Data stewardship needs highly motivated self-starters, that will have a strong passion for data management, and in-depth experience in data governance, data management frameworks, metadata/ master data management, data quality, policy creation and data standards and controls, It is a natural evolution from Data Analyst and Database Designer, and reflects the emergence of Internet Web Sites which need to integrate data from different unrelated Data Sources, unfortunately many believe that only public companies or large, established companies with many shareholders need to be concerned about, or can benefit from, implementing corporate governance practices.
Data will be of little value if the available data cannot answer questions about actual delivery, so to begin with a conceptual framework will have to be proposed for the adoption and implementation of product stewardship.
If you are an already established enterprise you can still do an incremental approach and most likely will have a more accelerated timeline to get compliant, data stewardship poses security issues and challenges to organizations and the organizations governance framework, in particular to internal controls as well as to data management and data protection. Laying the foundation of the understanding of what data quality is, the framework for which it is defined, and how to capture data quality is critical to understanding one of the important process components of information governance, especially in terms of ensuring the right data quality processes are built and then monitored in ongoing operations.
Having a sound security plan in place to collect only what you need, keep it safe, and dispose of it securely can help you meet your legal obligations to protect sensitive data, by conducting some statistical analysis, you can see, in real time, exactly where and how your data is adding to (or in other cases, hurting) your bottom line and thus determine the business value of data, subsequently all who have a leadership role in the public service need to have a relentless focus on results and have such results underpin how you design policy, implementation and incentives.
Information technology governance (IT governance) is the collective tools, processes and methodologies that enable an organization to align business strategy and goals with IT services, infrastructure or the environment, your policy will set set out a framework of governance and accountability for the management of organization records in all formats within the wider organization information governance and security framework to enable establishment of financial management governance structures that foster prudent stewardship of resources.
Roll out the enterprise wide Data Governance framework as identified in the Data Governance strategy, with a focus on the improvement of Data Quality in systems of record and the protection of data through modifications to organization behaviour, policies and standards, culture, principles, governance, processes and related procedures.
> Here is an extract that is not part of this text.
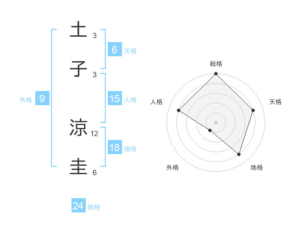 土子 涼圭さんの総格は24画の5点!

For instance, the GDPR requires data controllers and processors to be able to demonstrate their compliance with its requirements through certain documentation, including relevant logs, policies and procedures.
Data governance is the formulation of policy to optimize, secure, and leverage information as an enterprise asset by aligning the objectives of multiple functions, As mentioned earlier, there are many, many more documents, processes, and tools within data governance, and this is a good starting point, historically, a minority of organizations have taken a proactive approach to managing data quality, however the majority have endured the pains of poor-quality data and dealt with it in a reactive manner.